在擴增實境(Augmented Reality;AR)技術或是虛擬實境(Virtual Reality;VR)技術的應用情境中,需要播放3D影像或是動態的3D模型來讓使用者更為融入虛擬場景或方便於與虛擬物件的互動。In the application scenarios of augmented reality (Augmented Reality; AR) technology or virtual reality (Virtual Reality; VR) technology, it is necessary to play 3D images or dynamic 3D models to allow users to better integrate into the virtual scene or facilitate for interacting with virtual objects.
然則,若要產生動態的3D影像(或稱為是「動畫」),便需要先行建置靜態的3D模型,從而耗時耗力。並且,若要使靜態的3D模型轉換成動態的3D模型,需要另外建立3D模型的骨架以及表面的材質貼圖,因而需要大量的設計人力,方能續行後續的動畫製作。因此,若能夠降低3D模型在建立時的難度,讓使用者更易於建置3D模型,則可更為方便地研發AR技術或VR技術等應用。However, if you want to generate dynamic 3D images (or called "animation"), you need to build a static 3D model first, which is time-consuming and labor-intensive. Moreover, if the static 3D model is to be converted into a dynamic 3D model, the skeleton of the 3D model and the texture map of the surface need to be established separately, thus requiring a lot of design manpower to continue the subsequent animation production. Therefore, if it is possible to reduce the difficulty of creating a 3D model and make it easier for users to build a 3D model, it will be more convenient to develop applications such as AR technology or VR technology.
本發明提供一種用於建置三維影像的裝置與方法,藉由實景影像產生具備3D模型的3D影像,除了可以記錄3D模型在時間軸上的動作外,還可節省3D模型的建置時間。The present invention provides a device and method for building a 3D image. A 3D image with a 3D model is generated from a real scene image. In addition to recording the movement of the 3D model on the time axis, it can also save the time for building the 3D model.

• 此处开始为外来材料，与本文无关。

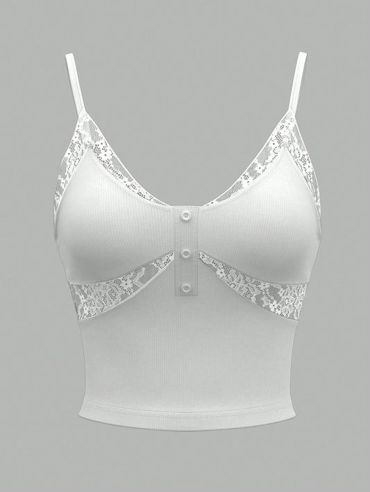 Sweetina Top de canesú con encaje en estilo primaveral, blanco, de corte ceñido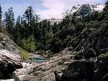 The gold rush of 1849 on the South Fork of the American River resulted in establishment of Sierra foothill towns of Auburn, Placerville, Nevada City and Georgetown. The gold rush did not intrude into the higher elevations of the Sierra Nevada range, but the water and timber needs of these towns did intrude into the upper elevations. In one case in 1873 the privately owned, California Water Company[11] employed a scheme to dam Loon Lake to the south of Hell Hole and then sluice the water closer to Georgetown where it could be used by residents and farmers.[12]

本發明提出一種用於建置三維影像的裝置。所述裝置包括多個影像擷取裝置以及處理裝置。每個影像擷取裝置用以產生影像擷取訊號。所述影像擷取訊號包括圖像資料、深度資料以及時間戳記,且每個影像擷取裝置所產生的影像擷取訊號藉由所述時間戳記而位於相同時間線上。處理裝置用以接收所述影像擷取裝置各自的所述影像擷取訊號。在影像擷取階段,影像擷取裝置擷取所述影像擷取訊號,處理裝置自所述影像擷取裝置接收所述影像擷取訊號。針對每個時間戳記,處理裝置依據所述影像擷取訊號中的所述圖像資料以及所述深度資料以計算點雲資料以及貼圖資料,依據所述點雲資料以及所述貼圖資料建立三維模型。處理裝置將所述時間戳記與所述時間戳記對應的所述三維模型統整為影像串流。The invention proposes a device for constructing a three-dimensional image. The device includes a plurality of image capturing devices and a processing device. Each image capture device is used to generate an image capture signal. The image capture signal includes image data, depth data and time stamps, and the image capture signals generated by each image capture device are located on the same timeline through the time stamps. The processing device is used for receiving the respective image capture signals of the image capture devices. In the image capture stage, the image capture device captures the image capture signal, and the processing device receives the image capture signal from the image capture device. For each time stamp, the processing device calculates point cloud data and texture data according to the image data and the depth data in the image capture signal, and establishes a 3D model based on the point cloud data and the texture data . The processing device integrates the time stamp and the 3D model corresponding to the time stamp into an image stream.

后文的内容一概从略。